Wednesday, September 28, 2011

4.5 WEEKS OUT NEWS

Ive decided to aim for excalibur show.5 weeks after border states. So that leaves me 9.5weeks out from that. I plan to fill out the weltetweight limit of that with even better condition. YEEEEPPP!

5weeks out


Thursday, September 8, 2011

Diet updated

Dropping carbs to bring in these glutes!!

Meal1- NLN Lean Pro Matrix
Meal2- 7eggwhites 3whole
Meal3- NLN Lean Pro Matrix w/ 1Tbsn Coconut oil
Meal4- 8oz Tilapia
Meal5- 8oz chicken breast w/1tbsn Flax oil
Meal6- 8ozTilapia
Meal7-8oz chicken w/ 1tbsn flax oil
Published with Blogger-droid v1.7.4

Tuesday, August 23, 2011

August 23 tuesday shoulders

Workout:
Dumbell press: 75/80/85/85
Front Raises: 30/30/37.5/37.5
Smith Press:4sets 1plate superset with wide upright rows
wide upright bb rows: 70/80/80
side laterals: 30/32.5/35/35
rear delt flys:90/90/105/105/90
 
 
"When we strive to become better than we are, everything around us becomes better too." - Paulo Coelho
 
Diet:
Meal1-Lean Pro Matrix
Meal2-9eggwhites 2whole 1cup oats 32g PB
Meal3-8oz Tilapia 170g brown rice 20g Dextrose
Meal4-Lean Pro Matrix
Meal5-8oz Chicken
Meal6-8oz Chicken
 
pic from a few days ago
 

Friday, August 19, 2011

Friday 19 aug Wheels

i lied when i said today is my off day. skipped a cardio session to give my body a little rest. did increase carbs for the today to add to recovery, NOT a refeed but a bump. but gonna go hit the stepmill later tonight. feeling strong and hungry. CANT FRICKIN WAIT TO HIT THE STAGE!!!

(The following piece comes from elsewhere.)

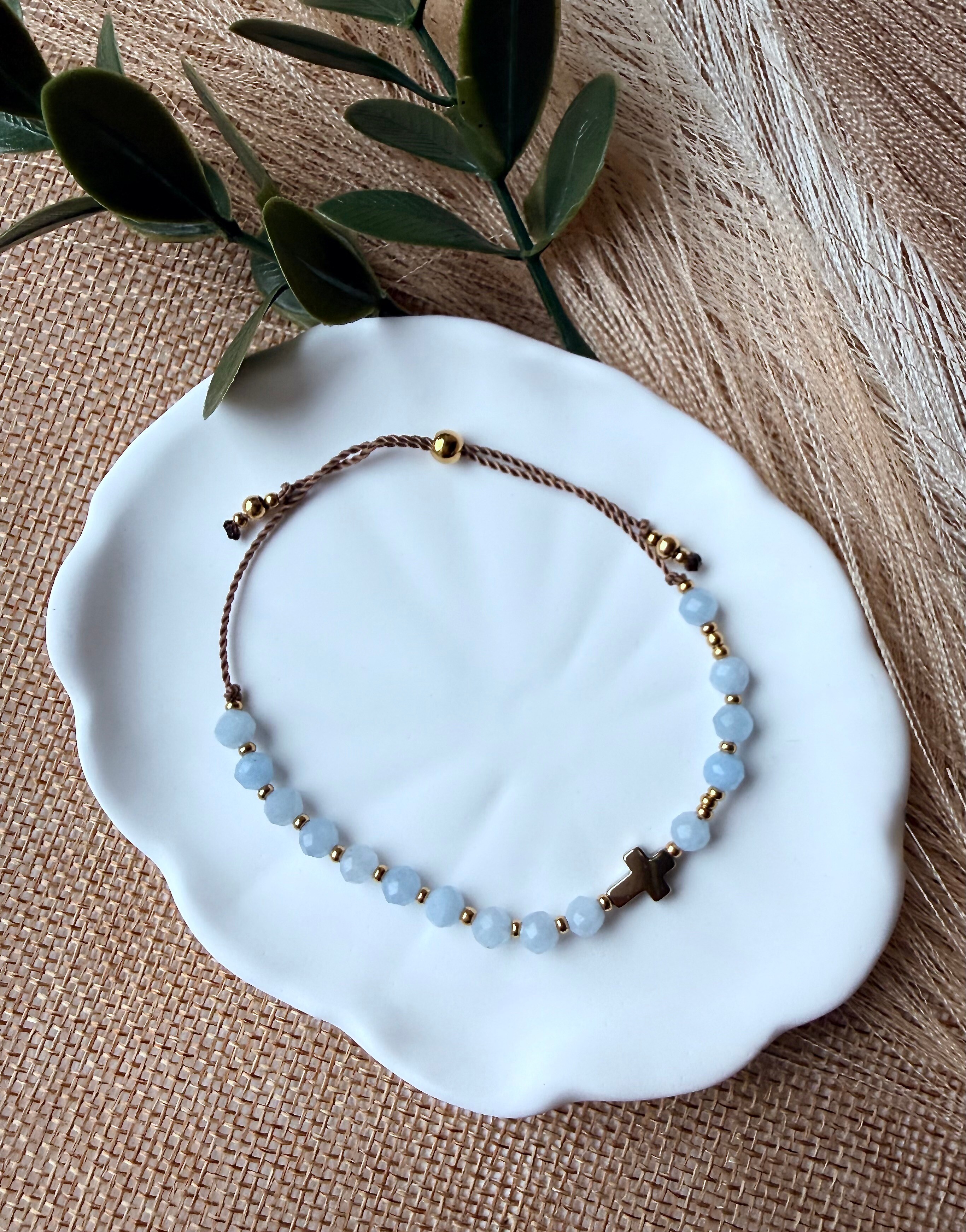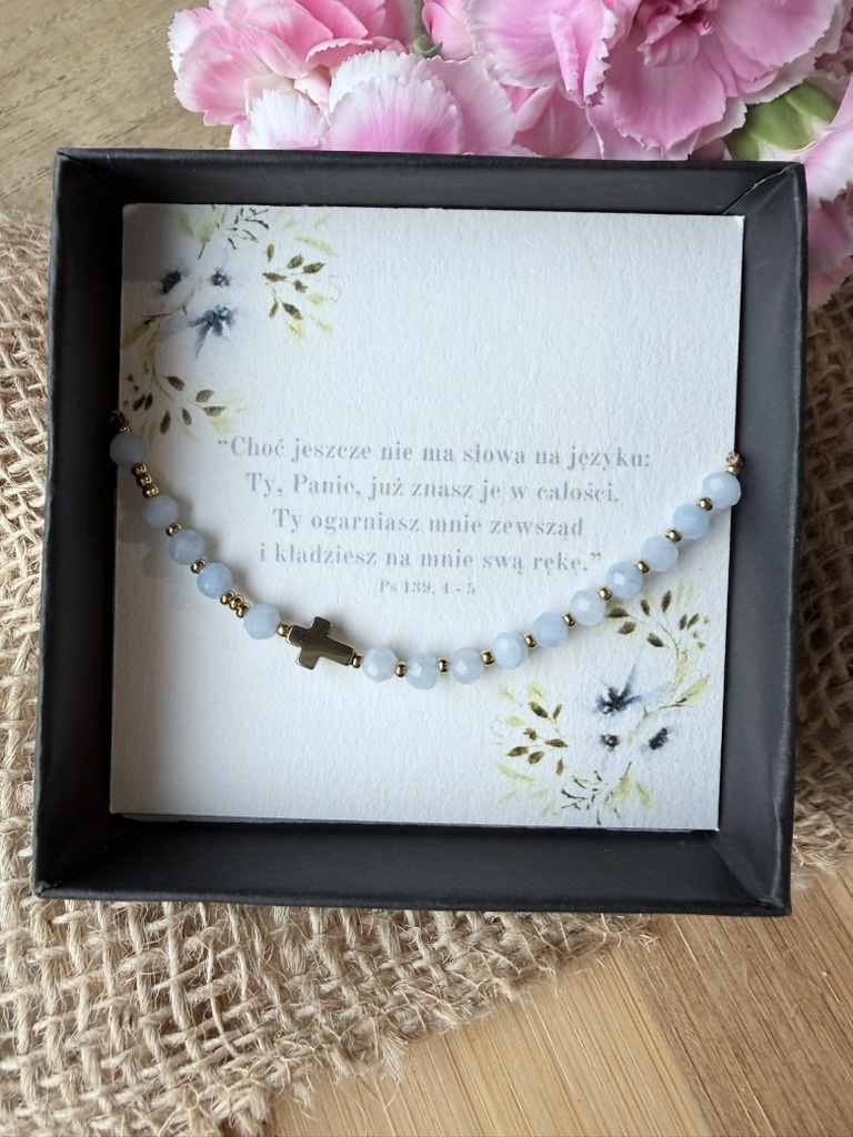 Ta bransoletka jest jak przypomnienie o potrzebie duchowego "obmycia" z codziennych trosk i zaufania Temu, który jest źródłem pokoju.

Conditions are never just right. People who delay action until all factors are favorable do nothing. - William Feather
 
Workout:
Back Squat: 225x15--275x12--315x12--225x15
Leg Press(dont feel like doing math): 16platesx12//18platesx12//20px10//22x10
Hacksquat:230x12--270x12--320x12--360x10
FST7 Leg extensions
seated leg curls: 90/110/120/130
FST7 Lying Leg Curls
Walking Lunges
 
Diet:
Meal1- 9eggwhites 2oz Tuna 185g Brown Rice
Meal2- Lean Pro Matrix, 1/2cup oats, banana, 32g PB
Preworkout: Noxplode 2.0
intra: Gatorade G2
Post: 2Scoops ON whey
Meal3-9oz Tilapia 200g Brown rice
Meal4-9oz Tilapia w/greens
Meal5- 13eggwhites

Thursday, August 18, 2011

Thursday Aug 18 Chest

AM cardio. afternoon workout. pm cardio. Tomorrow im just gonna hit legs and not do any cardio sort of an off day.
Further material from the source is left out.